Data segment START
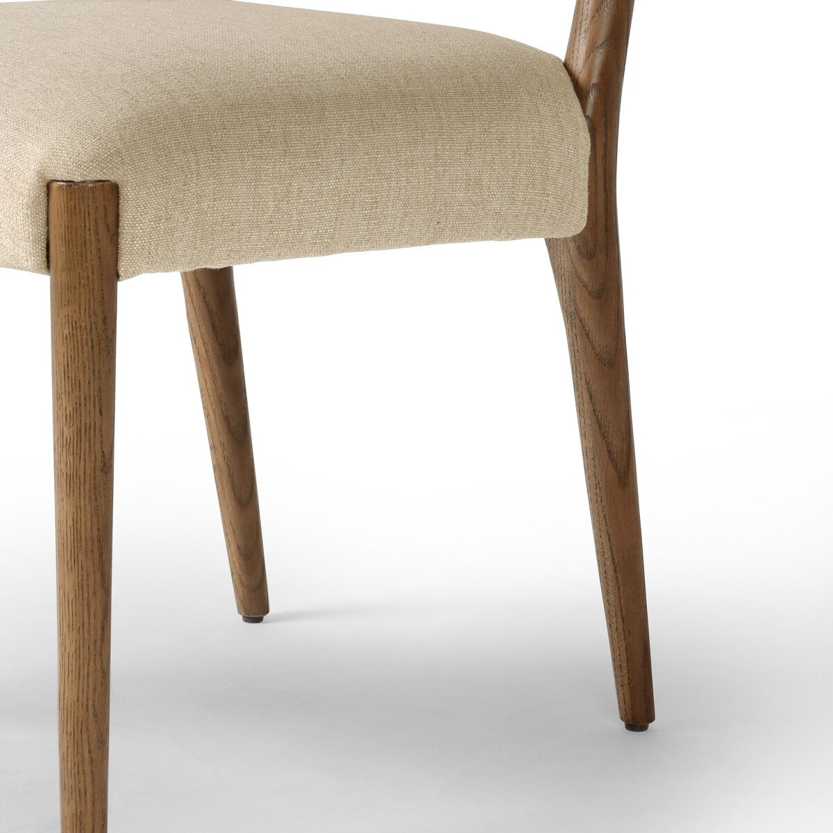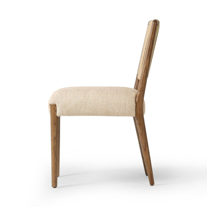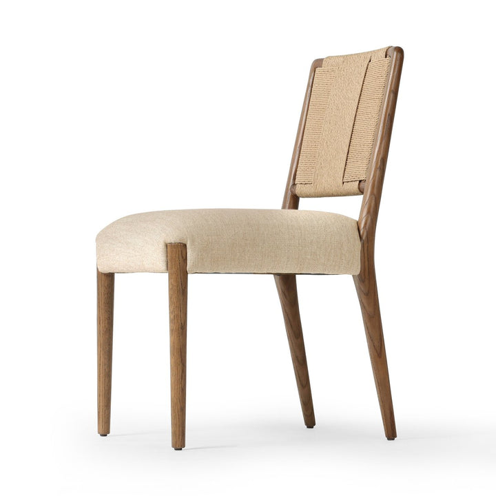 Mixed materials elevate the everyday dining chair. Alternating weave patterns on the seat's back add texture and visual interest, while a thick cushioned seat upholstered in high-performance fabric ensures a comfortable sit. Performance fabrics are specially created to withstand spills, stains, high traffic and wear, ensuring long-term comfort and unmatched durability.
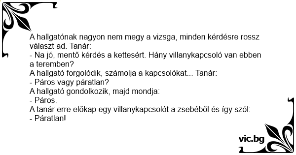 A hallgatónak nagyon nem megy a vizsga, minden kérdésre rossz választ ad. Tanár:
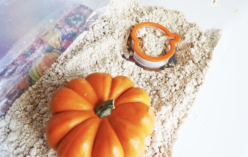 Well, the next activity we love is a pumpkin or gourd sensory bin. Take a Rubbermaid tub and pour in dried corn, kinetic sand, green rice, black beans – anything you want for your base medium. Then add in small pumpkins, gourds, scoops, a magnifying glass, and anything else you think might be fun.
Data segment END
» Aim of the task: Your copy should consist only of the lines from the line holding "A hallgatónak nagyon" through the final line of the listing above, both included, with all pictures omitted.

» Written solution:
 A hallgatónak nagyon nem megy a vizsga, minden kérdésre rossz választ ad. Tanár:
 Well, the next activity we love is a pumpkin or gourd sensory bin. Take a Rubbermaid tub and pour in dried corn, kinetic sand, green rice, black beans – anything you want for your base medium. Then add in small pumpkins, gourds, scoops, a magnifying glass, and anything else you think might be fun.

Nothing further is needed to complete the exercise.